- [EXCERPTED RECORDS]:
──────────────────────────────

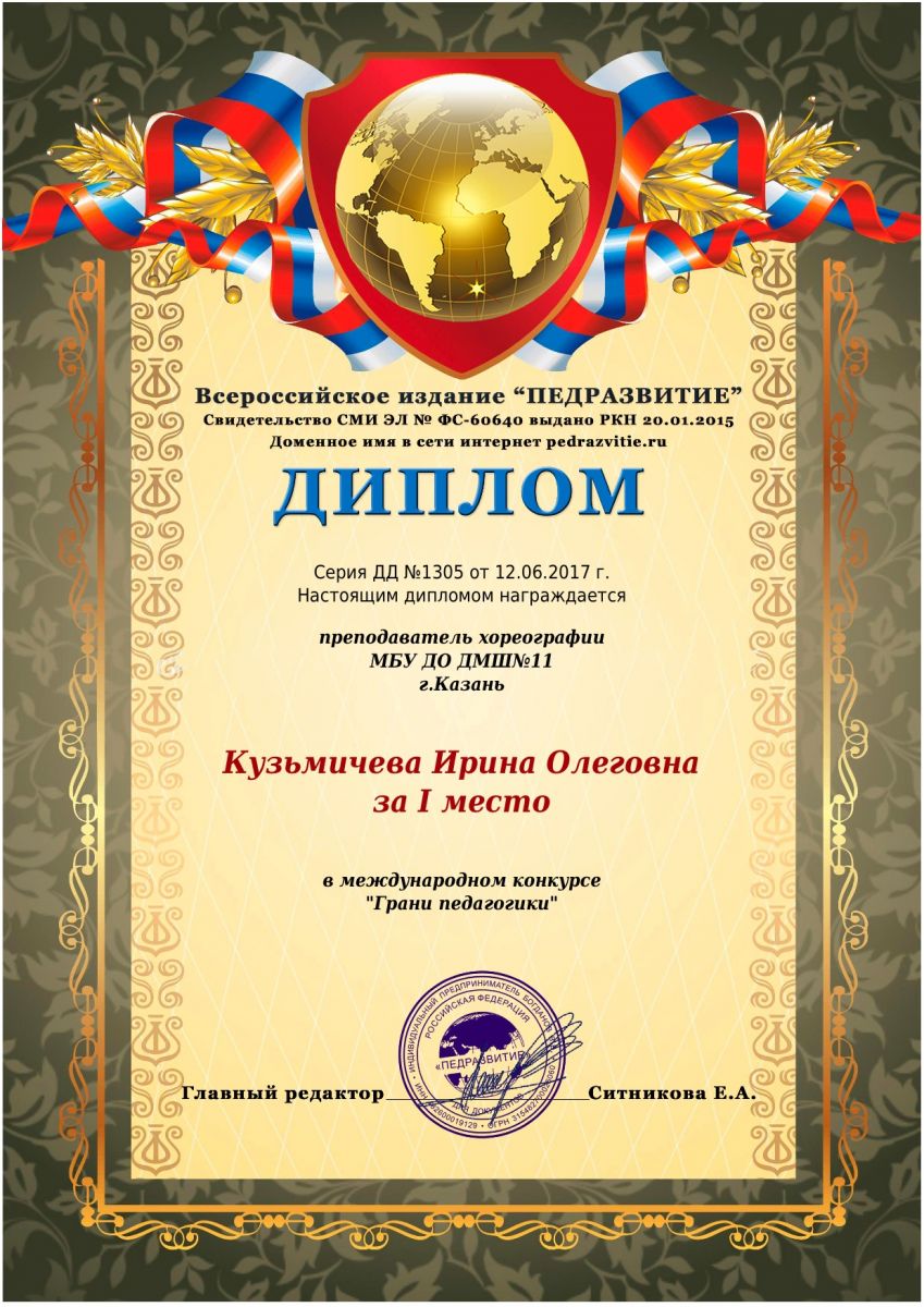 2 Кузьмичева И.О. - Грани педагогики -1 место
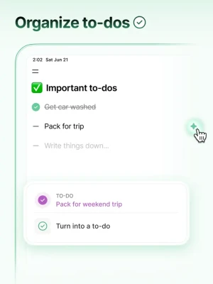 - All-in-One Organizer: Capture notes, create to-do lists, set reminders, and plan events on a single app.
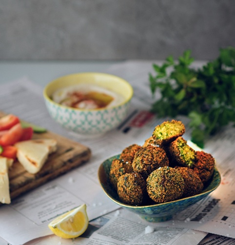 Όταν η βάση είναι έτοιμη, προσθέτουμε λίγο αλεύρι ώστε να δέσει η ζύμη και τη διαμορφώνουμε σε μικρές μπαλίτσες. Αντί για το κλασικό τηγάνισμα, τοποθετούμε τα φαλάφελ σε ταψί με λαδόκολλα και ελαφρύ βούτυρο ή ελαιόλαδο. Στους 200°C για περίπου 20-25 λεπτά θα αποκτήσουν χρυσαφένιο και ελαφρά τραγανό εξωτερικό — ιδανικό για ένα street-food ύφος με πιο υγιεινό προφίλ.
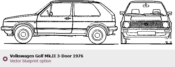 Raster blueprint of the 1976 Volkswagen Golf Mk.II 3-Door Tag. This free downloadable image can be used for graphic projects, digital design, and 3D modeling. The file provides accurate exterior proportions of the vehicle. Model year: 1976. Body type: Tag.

──────────────────────────────

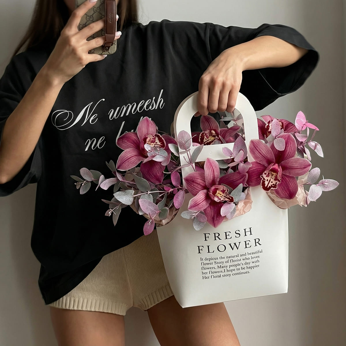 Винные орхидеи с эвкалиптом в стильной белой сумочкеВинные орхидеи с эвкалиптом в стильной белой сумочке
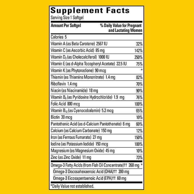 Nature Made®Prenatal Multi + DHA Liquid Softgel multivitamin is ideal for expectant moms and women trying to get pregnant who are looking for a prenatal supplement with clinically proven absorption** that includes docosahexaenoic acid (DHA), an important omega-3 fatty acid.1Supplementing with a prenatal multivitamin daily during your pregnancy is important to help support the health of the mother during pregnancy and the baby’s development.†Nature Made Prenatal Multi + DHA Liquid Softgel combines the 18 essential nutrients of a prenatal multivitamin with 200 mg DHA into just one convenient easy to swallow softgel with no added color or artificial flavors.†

──────────────────────────────

Leaving each picture behind, please give again exactly the lines above from the one with "Όταν η βάση" through the one with "Raster blueprint of", both included, and no others.

 Όταν η βάση είναι έτοιμη, προσθέτουμε λίγο αλεύρι ώστε να δέσει η ζύμη και τη διαμορφώνουμε σε μικρές μπαλίτσες. Αντί για το κλασικό τηγάνισμα, τοποθετούμε τα φαλάφελ σε ταψί με λαδόκολλα και ελαφρύ βούτυρο ή ελαιόλαδο. Στους 200°C για περίπου 20-25 λεπτά θα αποκτήσουν χρυσαφένιο και ελαφρά τραγανό εξωτερικό — ιδανικό για ένα street-food ύφος με πιο υγιεινό προφίλ.
 Raster blueprint of the 1976 Volkswagen Golf Mk.II 3-Door Tag. This free downloadable image can be used for graphic projects, digital design, and 3D modeling. The file provides accurate exterior proportions of the vehicle. Model year: 1976. Body type: Tag.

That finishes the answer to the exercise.